Practical Application Tips

Data Preprocessing for t-SNE

Effective data preprocessing is crucial for achieving meaningful t-SNE embeddings. Standard practices include normalizing or standardizing the data to make sure that features do not dominate the distance calculations. Additionally, reducing the dimensionality of the data using PCA, as earlier said before applying t-SNE, can significantly improve computational efficiency and sometimes even the quality of the embedding.

Choosing Hyperparameters for t-SNE

The choice of hyperparameters, particularly perplexity and the number of iterations, has a substantial impact on the results of t-SNE. Perplexity should be chosen based on the density and size of the dataset, with values between 5 and 50 typically recommended. The number of iterations should be sufficient for the algorithm to converge, often set to at least 1000. However, these values may need adjustment based on specific dataset characteristics and the computational resources available.

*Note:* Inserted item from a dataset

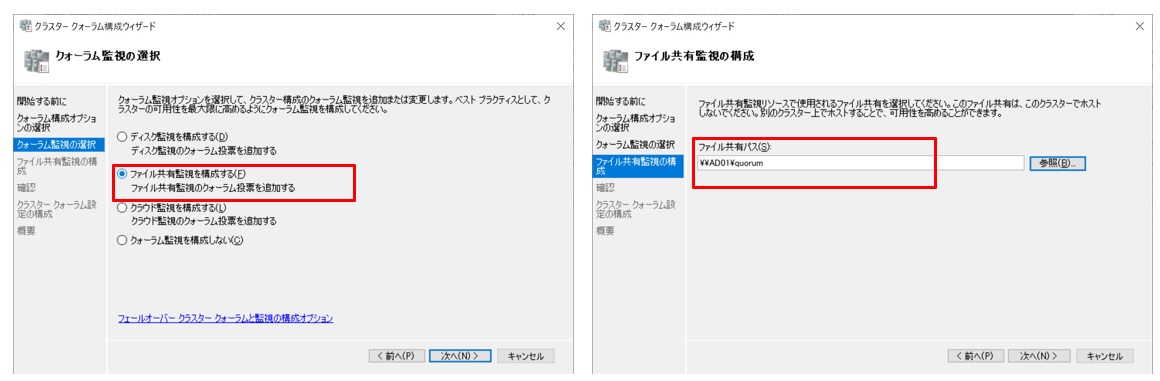 続いて監視の選択画面では”ファイル共有監視を構成する”を選択します。そして次の画面で利用する共有フォルダのぱすを入力します。今回は事前構築したADサーバー(サーバー名:AD01)上に作成した共有フォルダ(¥¥AD01¥quorum)を指定します。

Challenges and Limitations of t-SNE

t-SNE (t-Distributed Stochastic Neighbor Embedding) is a powerful tool for visualizing high-dimensional data by projecting it into a lower-dimensional space (typically two or three dimensions). While t-SNE has been widely adopted for its ability to reveal intricate structures and clusters within complex datasets, it also comes with several challenges and limitations that users should be aware of. Understanding these can help in interpreting t-SNE plots more accurately and guide better decision-making in data analysis and machine learning projects. Some of them are:

Sensitivity to Hyperparameters

Non-convexity of the Cost Function The cost function minimized by t-SNE is non-convex, leading to potential variance in results across different runs, especially with different initializations or slight changes in hyperparameters. This can make the interpretation of results somewhat subjective and potentially inconsistent.

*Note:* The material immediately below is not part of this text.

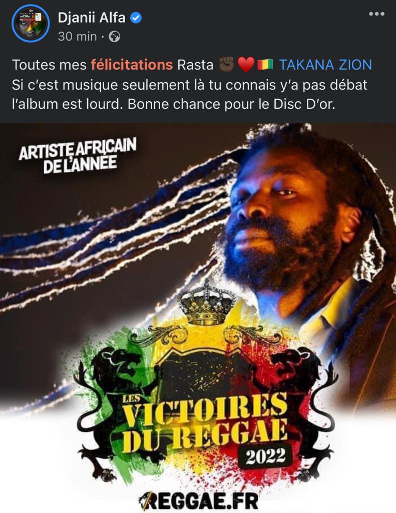 « Toutes mes félicitations Rasta ✊🏿♥️🇬🇳 Takana Zion Si c’est musique seulement là tu connais y’a pas débat l’album est lourd. Bonne chance pour le Disc D’or.»
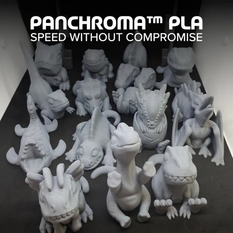 Com uma paleta de 28 cores vivas e uniformes, o Panchroma™ PLA dá vida a todas as suas criações. As superfícies impressas apresentam acabamento acetinado e brilhante.

Interpretation Challenges t-SNE is excellent at revealing local structures and clusters but does not preserve global distances well. This means that while clusters are meaningful, the distance between clusters might not be. It’s a mistake to interpret the absolute or relative positioning of clusters in t-SNE plots as indicative of their real-world similarity or dissimilarity. The algorithm tends to expand dense clusters and contract sparse ones, which can sometimes exaggerate separations between groups.

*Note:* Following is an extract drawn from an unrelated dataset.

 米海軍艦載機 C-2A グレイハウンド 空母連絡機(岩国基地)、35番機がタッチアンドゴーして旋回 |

Scalability and Computational Efficiency t-SNE can be computationally intensive, particularly on large datasets. The Barnes-Hut approximation improves efficiency by approximating long-range interactions and reducing complexity, but scalability remains a challenge for very large datasets.

The Crowding Problem and Dimensionality Curse The “crowding problem” describes a situation where, in reducing dimensions, t-SNE tends to squeeze together points that are not necessarily close in the high-dimensional space. This is related to the curse of dimensionality, where distances in high-dimensional spaces become less meaningful, making it hard for any low-dimensional representation to perfectly capture high-dimensional distances.

Difficulty in Reproducing Results Due to its stochastic nature and sensitivity to hyperparameters, reproducing t-SNE results can be difficult without careful documentation of parameter settings and random seeds.

Conclusion

Dimensionality reduction techniques like t-SNE are essential for simplifying high-dimensional data, allowing researchers and analysts to visualize and understand complex data structures effectively. By carefully pre-processing and selecting appropriate hyperparameters, t-SNE can transform large datasets into more manageable two- or three-dimensional representations. This helps in revealing underlying patterns and relationships. However, it is important to keep in mind the limitations of dimensionality reduction methods while interpreting these visualizations. To obtain a comprehensive understanding of the dataset, it is also necessary to use other analytical tools alongside t-SNE.

In conclusion, t-SNE is a powerful tool in the dimensionality reduction wide range of tools, which can aid significantly in exploratory data analysis.